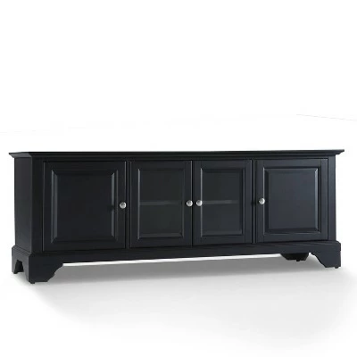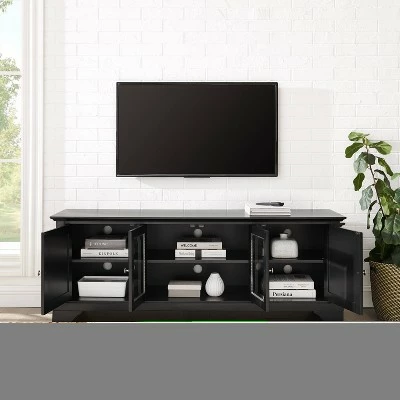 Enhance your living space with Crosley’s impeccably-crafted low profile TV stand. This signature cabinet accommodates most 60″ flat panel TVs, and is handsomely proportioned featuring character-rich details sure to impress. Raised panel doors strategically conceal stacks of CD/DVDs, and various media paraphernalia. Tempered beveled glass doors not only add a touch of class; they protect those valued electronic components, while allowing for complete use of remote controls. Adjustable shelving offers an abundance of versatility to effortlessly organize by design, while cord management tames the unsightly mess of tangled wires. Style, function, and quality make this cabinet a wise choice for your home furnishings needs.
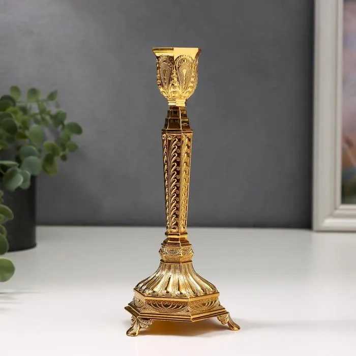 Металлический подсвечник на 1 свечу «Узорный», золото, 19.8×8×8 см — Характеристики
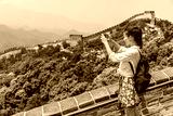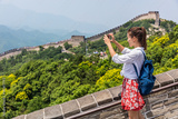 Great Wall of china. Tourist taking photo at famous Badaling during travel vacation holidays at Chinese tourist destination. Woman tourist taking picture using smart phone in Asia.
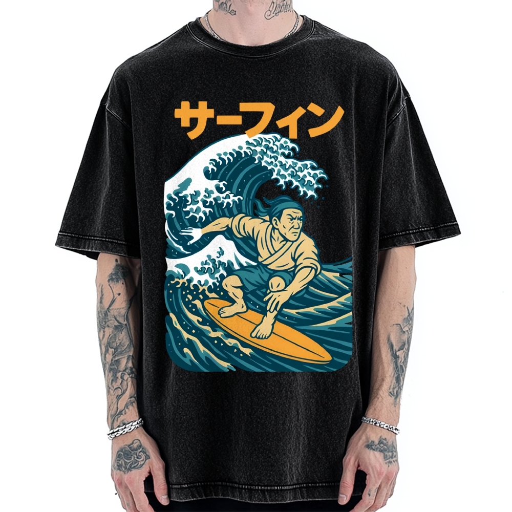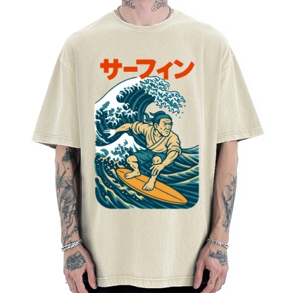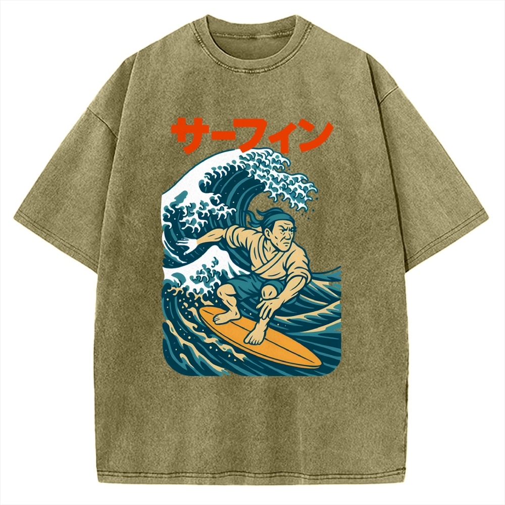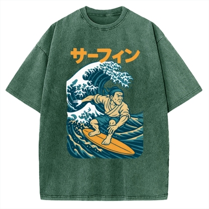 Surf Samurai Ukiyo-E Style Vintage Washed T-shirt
* * * * * * *
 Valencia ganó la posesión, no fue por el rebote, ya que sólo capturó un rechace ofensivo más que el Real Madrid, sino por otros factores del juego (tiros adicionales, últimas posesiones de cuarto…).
* * * * * * *
◆ **What the task requires**
The answer is those lines of the material above that run from the one containing "Металлический подсвечник на" up to and including the one containing "Surf Samurai Ukiyo-E", restated exactly and without images.

◆ **Your solution**
 Металлический подсвечник на 1 свечу «Узорный», золото, 19.8×8×8 см — Характеристики
 Great Wall of china. Tourist taking photo at famous Badaling during travel vacation holidays at Chinese tourist destination. Woman tourist taking picture using smart phone in Asia.
 Surf Samurai Ukiyo-E Style Vintage Washed T-shirt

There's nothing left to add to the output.